Sono sempre più numerosi i bambini, spesso presi in precedenza come ostaggi, costretti nelle Filippine a combattere al fianco dei guerriglieri jihadisti vicini al sedicente stato islamico (Is).

Il maggior numero dei casi registrati di bambini-soldato riguarda i miliziani del Maute — gruppo terroristico affiliato all’Is — che hanno occupato nelle scorse settimane la città di Marawi, nell’isola meridionale di Mindanao. In particolare, i ragazzi, secondo le testimonianze e le ricostruzioni, vengono prelevati dai loro villaggi quando sono nella prima adolescenza e addestrati per diversi mesi, per essere poi utilizzati in combattimento preferibilmente quando hanno più o meno 15 anni. «I racconti che ci arrivano continuamente sono molto pesanti», ha riferito alla stampa locale il generale Restituto Padilla, il portavoce delle forze armate filippine.
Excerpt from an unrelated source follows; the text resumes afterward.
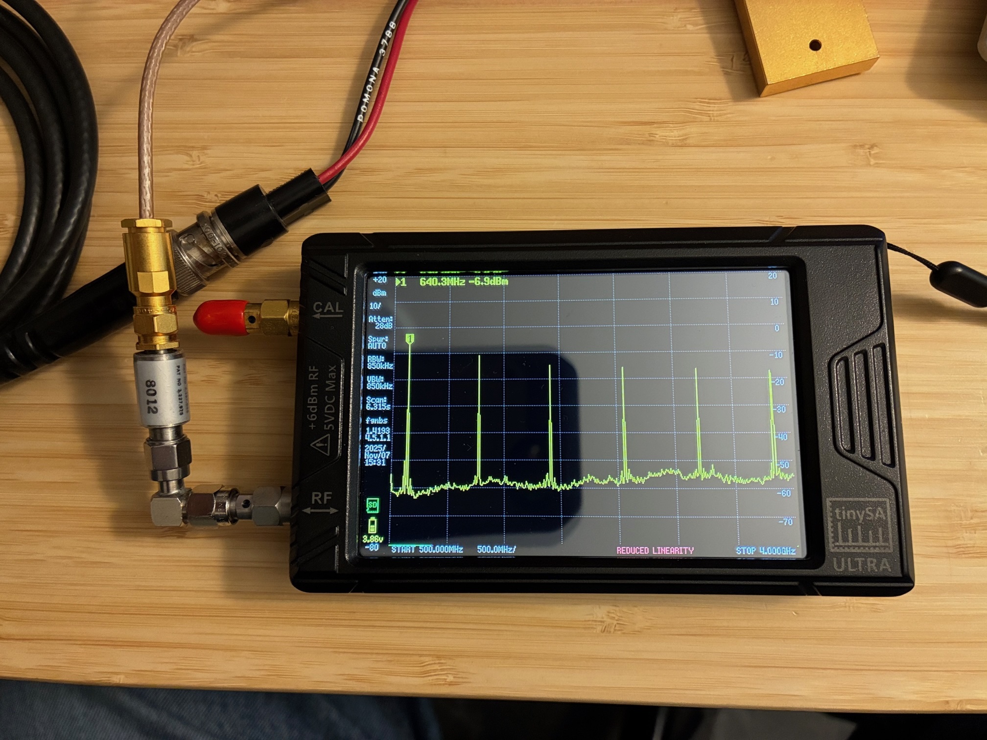 With that (hooking up the +5 VDC supply and changing setting on the TinySA-Ultra), we're ready to power up the system and see if the comb generator works.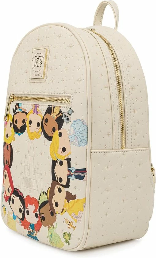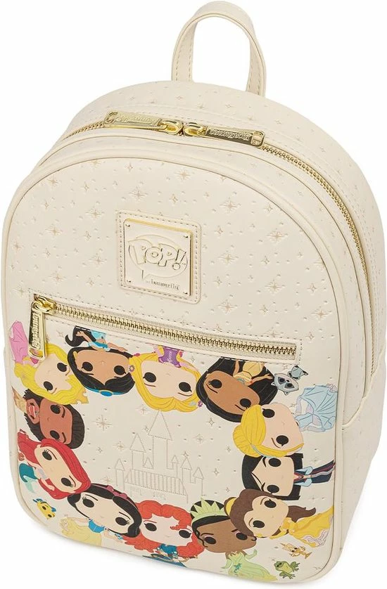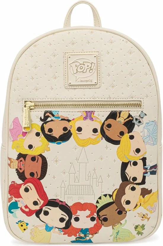 Rugtas Princess Circles Funko Pop. Geweldige kunstlederen tas uit de Disney-collectie van het Amerikaanse designermerk Loungefly. De rugtas is voorzien van een print met de Disney prinsessen in Funko Pop-stijl. Belle, Aurora, Moana, Jasmine, Merida, Cinderella, Sneeuwwitje, Pocahontas, Ariel en Tiana… ze zijn er allemaal! Het voorvak heeft een ritssluiting. De tas is voorzien van een ritsvakje aan de binnenzijde. Verder heeft de tas twee verstelbare schouderbanden en een bijpassende binnenvoering.

I terroristi, ha aggiunto, «si recano armi in pugno nei villaggi, rapiscono i ragazzi e poi li costringono a combattere». Una pratica purtroppo utilizzata spesso da parte dei gruppi simpatizzanti dell’Is. Non si è a conoscenza di cifre esatte, ma è certo che decine e decine di giovani sono stati costretti a combattere dopo la presa di Marawi da parte dei terroristi del Maute. Un drammatico destino analogo dovrebbe riguardare anche molti dei circa 300 civili che restano tuttora in ostaggio nella città (tra cui un prete e diversi parrocchiani), dopo un mese e mezzo di controffensiva delle forze regolari di Manila per riassumerne il controllo. E chi si rifiuta di combattere a fianco del Maute viene pubblicamente ucciso: i casi accertati, a riguardo, sono almeno sei. E la lunga battaglia tra militari filippine e terroristi a Marawi ha già provocato oltre 510 vittime. Molti i civili.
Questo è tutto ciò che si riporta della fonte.